Once you reach the line containing "Ninho para Bebê" in the entries below, write out that line and each one after it down to the line containing "10月30日(月)1時間目、", exactly and with nothing added.

PROVIDED RECORDS ->
————

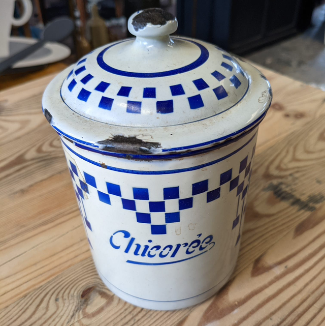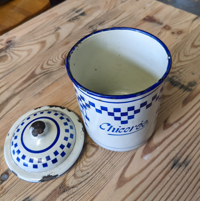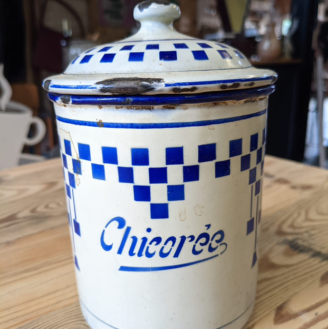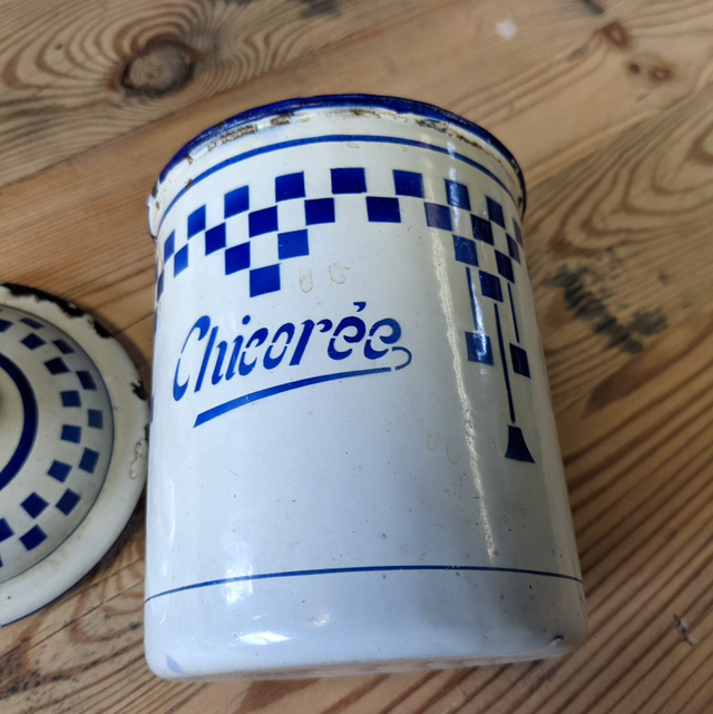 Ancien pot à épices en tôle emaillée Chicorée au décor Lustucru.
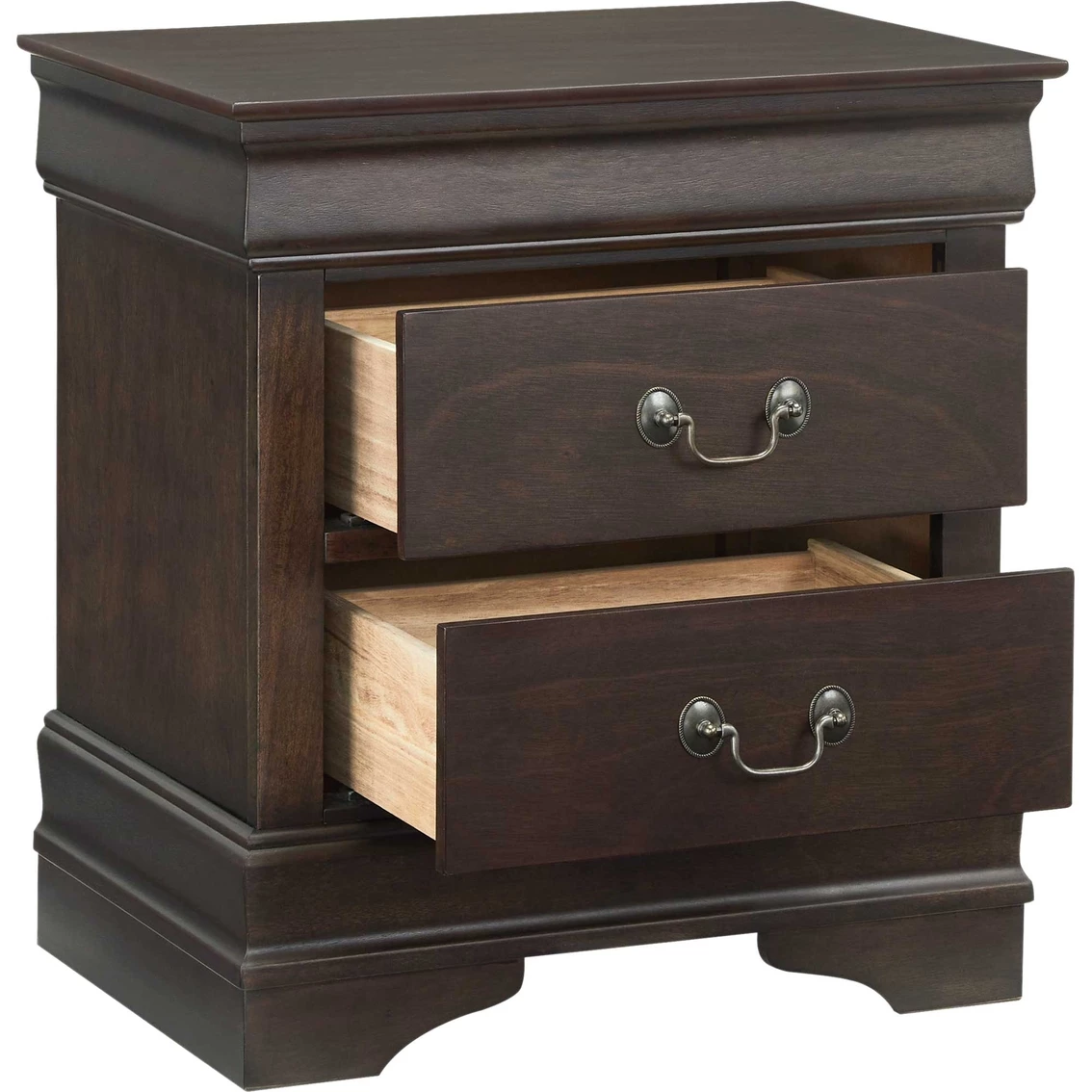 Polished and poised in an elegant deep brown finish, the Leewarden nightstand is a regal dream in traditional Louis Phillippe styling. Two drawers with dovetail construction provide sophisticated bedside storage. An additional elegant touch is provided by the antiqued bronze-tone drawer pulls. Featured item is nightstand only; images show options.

————

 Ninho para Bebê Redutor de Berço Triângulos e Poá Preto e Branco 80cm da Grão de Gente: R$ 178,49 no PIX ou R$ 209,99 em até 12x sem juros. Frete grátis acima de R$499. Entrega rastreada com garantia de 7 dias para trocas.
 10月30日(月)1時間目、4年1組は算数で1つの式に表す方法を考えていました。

————

RESPONSE ->
 Ninho para Bebê Redutor de Berço Triângulos e Poá Preto e Branco 80cm da Grão de Gente: R$ 178,49 no PIX ou R$ 209,99 em até 12x sem juros. Frete grátis acima de R$499. Entrega rastreada com garantia de 7 dias para trocas.
 10月30日(月)1時間目、4年1組は算数で1つの式に表す方法を考えていました。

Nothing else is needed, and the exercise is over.